|Drilling last year for the southeast leg of the Green Line|
Geotechnical drilling is usually done before planning to build any kind of infrastructure. The idea is to test the stability of surrounding area and collect soil and rock samples to determine if there is anything in the ground that may impact future construction. The Green Line will travel up Centre Street North, and we are currently gathering technical information to help us understand the opportunities and challenges involved with building an elevated, ground level, or underground transit line.
Does this mean construction is starting on the Green Line?
No. Construction is not starting on the Green Line yet. The Green Line team will be starting public engagement on the north leg of the Green Line in January, and will be focused around stations, community integration and route alignment (underground, elevated or street-level LRT). Drilling is just the first step in understanding some of the technical considerations for the project.
Are there any environmental impacts related to the drilling?
Our crews are very careful when drilling in environmentally sensitive areas such as along the Bow River. While the drilling is loud and involves heavy machinery, the impacts on the surrounding environment are quite small. The holes that are drilled in the ground will vary in depth at each location. Trees around the drilling area will be protected, and boreholes will be filled and remediated after samples are taken.
About the Green Line
The Green Line will be a 40 km long transit line extending from Seton in the southeast to Country Hills in the north. Once constructed, it will nearly double the size of Calgary’s current LRT network, providing approximately 300,000 Calgarians with reliable and efficient transit service. The Green Line will not only move people from point A to point B – it will be a staple of the communities that it touches, creating Transit Oriented Development (TOD) areas where people can live, work and play in close proximity to public transit.

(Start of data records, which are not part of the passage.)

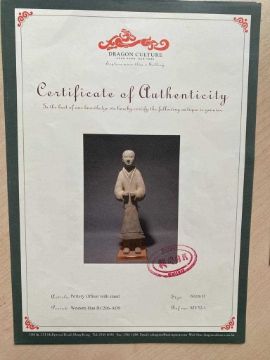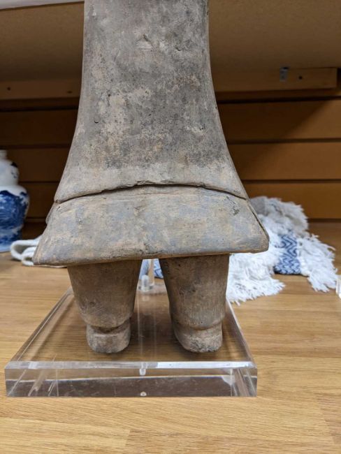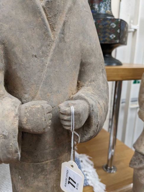 LARGE CHINESE GREY POTTERY FIGURE OF A CIVIL OFFICIAL, Western Han Dynasty (206BC-9AD), standing in flowing robes with hands clasped to the front, 61cms (h)Provenance: Dragon Culture Gallery (Hong Kong) May 2005, private collection Cardiff.Comments: no TL test, perspex stand
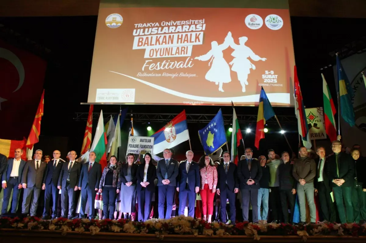 EDİRNE’de bu yıl ilk kez düzenlenen Uluslararası Balkan Halk Oyunları Festivali’nin açılış töreninde, 6 Şubat depremlerinin yıl dönümü dolayısıyla müzik…
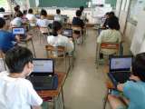 宿泊学習の振り返りを行っています。 全員で一心にPCに入力しています。友達の記述...
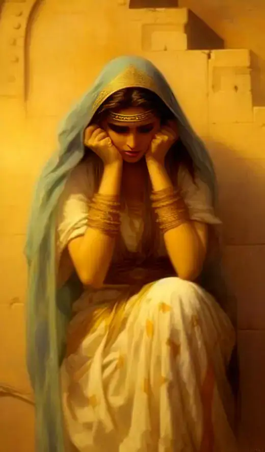 So she sold her jewellery and with the money thus obtained she had a gold brick made, one cubit long, half a cubit wide and four fingers thick. She then took the gold brick together with orpiment and eight lotus stalks and went where the shrine was situated.
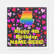 This cheerful and fun birthday themed paper napkin design features a large number “4” with a rainbow spectrum gradient inspired pattern, along with the message “Happy 4th Birthday,”, and an editable name. The background features a pattern of heart shapes with colours like red, pink, and purple. Fun, joyful paper napkins like this might be fun to have at a birthday party/celebration being held to celebrate somebody’s 4th birthday. [~Z0000550]

Green Line stations will be built for low-floor trains, meaning they will be small in scale and seamlessly integrated into communities with strong walking, cycling and bus connections to and from each station.

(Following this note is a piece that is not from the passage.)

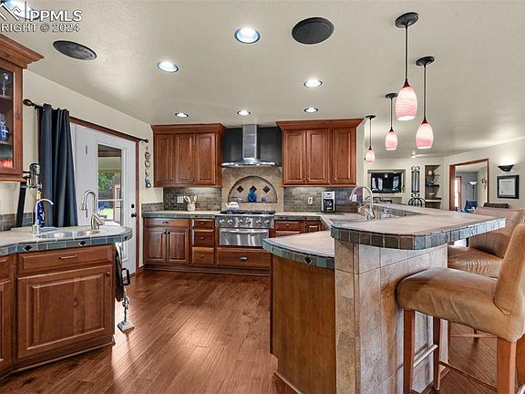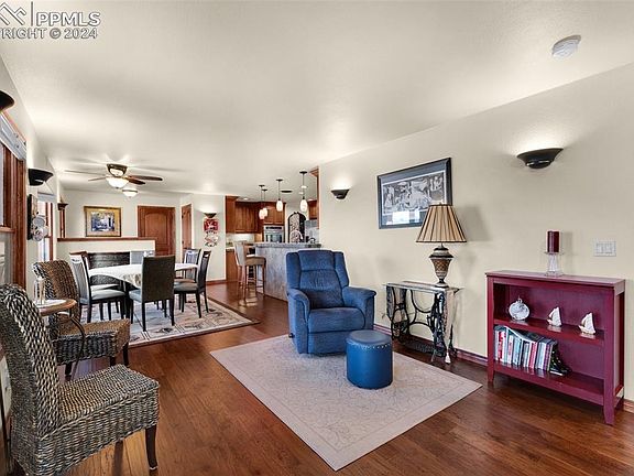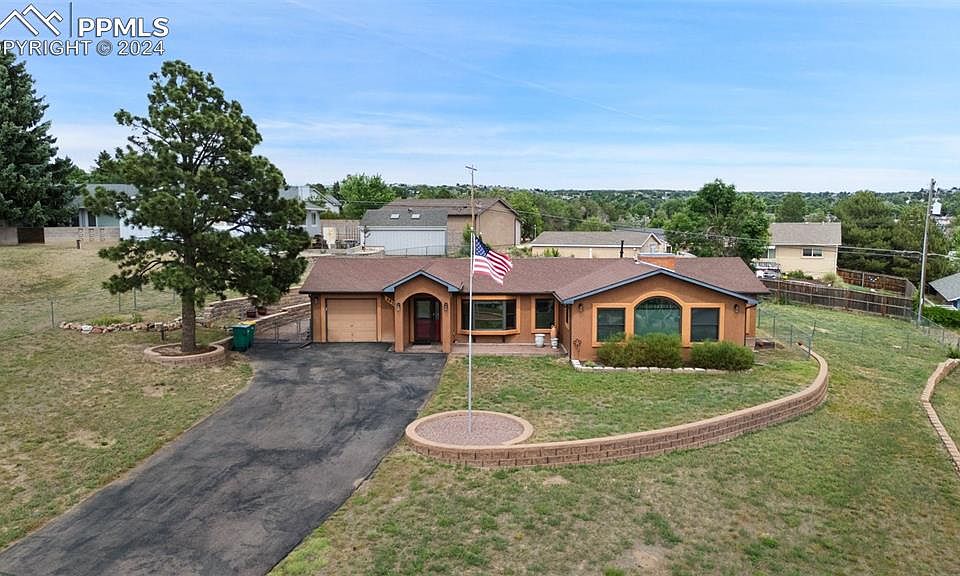 Views, Views, Views! Welcome home to this thoughtfully updated and well-maintained ranch style home in the highly desirable Park Vista Estates neighborhood. The lot is .5 acre and utilizes city water, rather than a well, which is common in the area. In El Paso County, NOT inside the city limits. Plenty of space for RV and guest parking on the property and the outdoor living space is serene, with INCREDIBLE Pikes Peak views from the front porch and looking out the bay window from the dining area. There is thoughtful landscaping near the home and a double gate to the backyard to allow for trailer or RV parking. Also recently added are dusk to dawn lights on the exterior. The kitchen is a chef's dream, with double ovens and double sinks, tile floors also a walk-in pantry, gas stove, newer refrigerator (plus an additional refrigerator in the garage that stays with the house). The kitchen walks out to the 15x15 fully enclosed sunroom to enjoy the private serenity of the back yard. There is also a family room/flex space with double doors and a gas fireplace, plus a new ceiling fan. This room also has lots of windows to let in natural light. Master Bedroom has a spacious walk-in closet, plus a walk out to the peaceful outdoor living space. The master bedroom also features an en-suite 4-piece bathroom with a large soaking tub. The laundry room is conveniently located between the master bedroom and the guest bedroom, with a 2nd full bathroom across the hall. New wood floors throughout plus vaulted ceilings make the space feel open and modern. Tankless water heater and furnace are located in the crawlspace. There is an automatic sprinkler system and drip lines for irrigation of the garden and raised flower beds.

City Council recently approved three important milestones for the Green Line project:
- The Green Line route alignment and location of 15 stations on the southeast leg of the line from 4 Street S.E. to Seton.
- The Transit Oriented Development (TOD) plan for the southeast leg of the line, which included plans for future development in Inglewood/Ramsay/26 Avenue S.E., Millican/Lynnwood/Ogden, and South Hill.
- A formal request to the Province for funding the Green Line LRT.